After sleeping off their burns and blisters the PCs spend the next day (Mirtuk 20) running errands. Never, finally free from his side job as an adventurer, got back to the pursuit of his dream of being a dealer in bits of broken shit pulled off corpses. They met Delzoun, who told them that the Orb had some radiant magic, and that it was made in a day long ago when dwarves and elves collaborated. Upon returning they discover a great crowd has gathered around their hotel on the rumor that the unnamed heroes are staying there. No one knows what they look like though, and the crowd buzzes, creating all sorts of outlandish rumors of the 8 feet tall heroes who swallow fire and gobble maidens. Waiting for the was a summons to meet Helm Dwarf-Friend.

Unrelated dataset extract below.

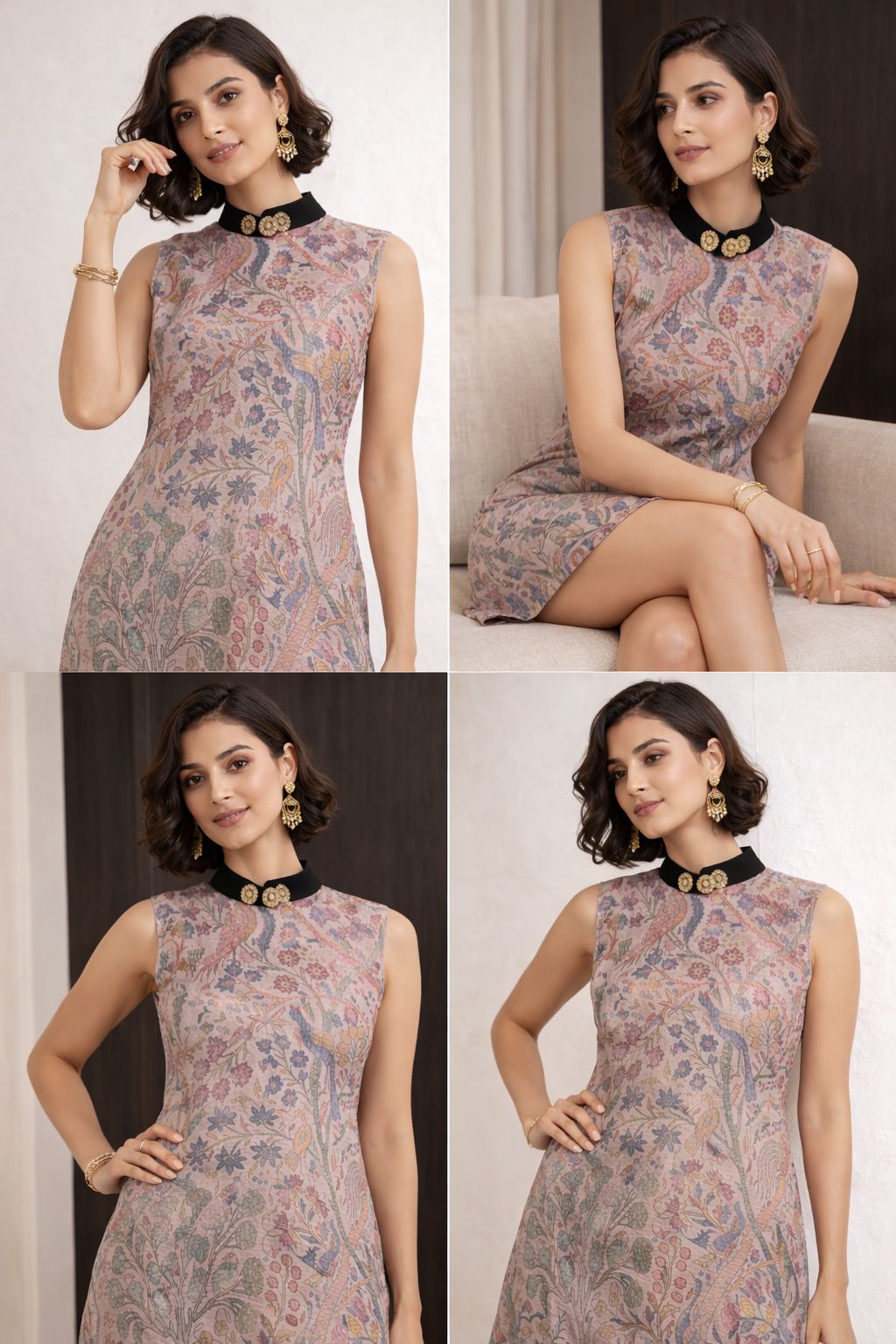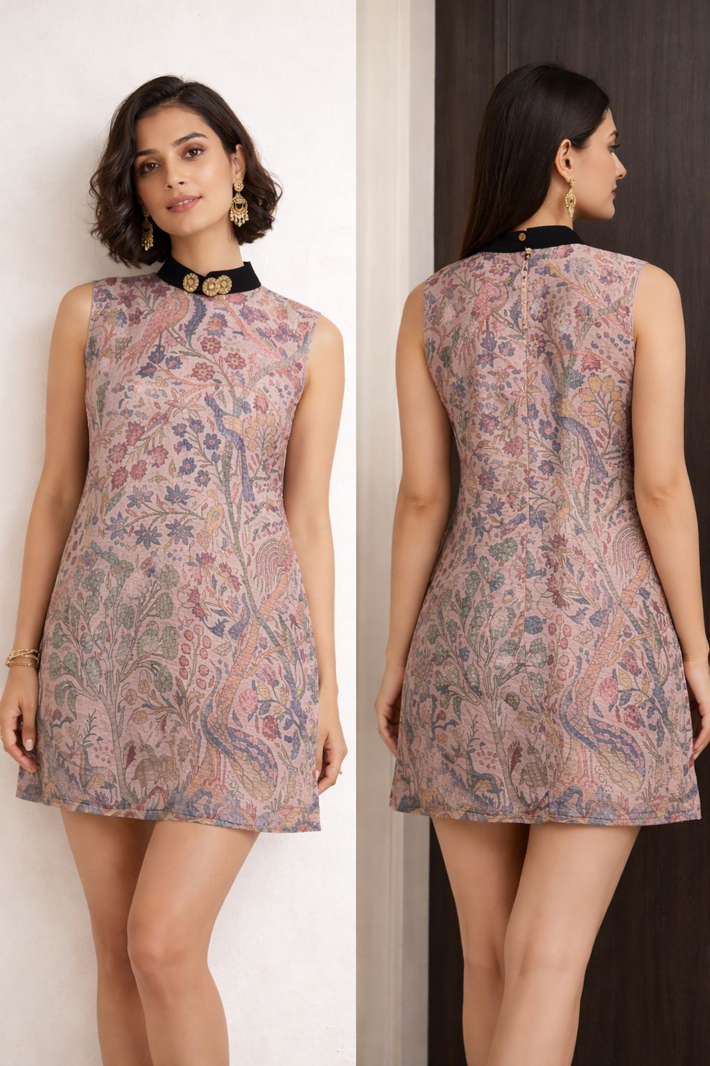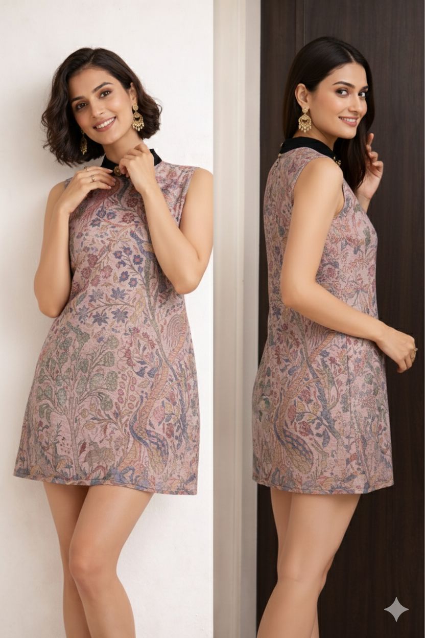 Designed for the modern, sophisticated woman, this printed sleeveless dress showcases an intricate nature-inspired motif in soft, refined tones, offering a graceful and elevated aesthetic. The contemporary silhouette is enhanced with a contrasting high neckline adorned with subtle ornamental detailing, adding a touch of understated luxury. Tailored to provide a structured yet comfortable fit, the dress is finished with a smooth, seamless back for a polished and effortlessly refined look. Versatile and timeless, it transitions beautifully from elevated daytime styling to intimate gatherings and chic evening occasions.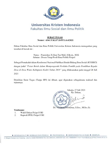 Mali, Fransiskus X. Gian Tue (2021) FENOMENA BOTOH DAN PERILAKU PEMILIH PADA PEMILIHAN KEPALA DESA DI DESA WATES KABUPATEN KEDIRI TAHUN 2019. In: Konferensi Nasional Publikasi Ilmiah Bidang Ilmu Sosial (ICOSSCI), 28 Juli 2021.

The Master of Sundabar appeared to be a man of great prowess and quiet confidence. He interviewed them on their adventure against the Jackals and the Banites, warning that they had now made enemies of the Zhentarim, a powerful mercenary trade syndicate, which was closely aligned with the church of Bane. By way of a reward, he handed each of the 200gp, asked them to join the parade on the following day and gave them a special bag called Blech, explaining that while his own adventuring days were over, he was sure that they’d make good use of this odd leather bag with an unhappy face crudely stitched into the side. He then asked them what their adventuring party name was.
(30 minutes of bickering later)
They decide (minus Garvenmov, who was against everything) on The Blades of Earlann, named after the ancient Elven kingdom of the High Forest. <thank>
The next day The Blades of Earlann are the toast of the town. The parade wends throughout Sundabar, and upon the approach of our heroes the crowd goes wild throwing flowers to the passing soldiers, fainting, regaling anyone who’d listen of the time that they too were mighty and did some damage to those damn humanoids, let me tell you! Why we used to have to stack’em square just to clear a spot to sleep at night, so thick were the orc bodies, they were! This one time…
The parade fortunately passed out of earshot of that. Garvenmov held aloft his new scabby cat Vengeance (or was it Judgment? Was that the horse?) and Baelian walked with a book in his face, trying to avoid being swept away by the jubilation. When the parade finished, the stern looking soldiers gathered around to clap them on the shoulders and kegs of beer were opened, Claw made the mistake of prodding Baelian to loosen up. The moment he put the book away a big shit-eating grin spread ear to ear, and the pub they ended up in spontaneously exploded into the greatest merriment. They partied the night away.
The next day, (Mirtuk 22) the visitors came.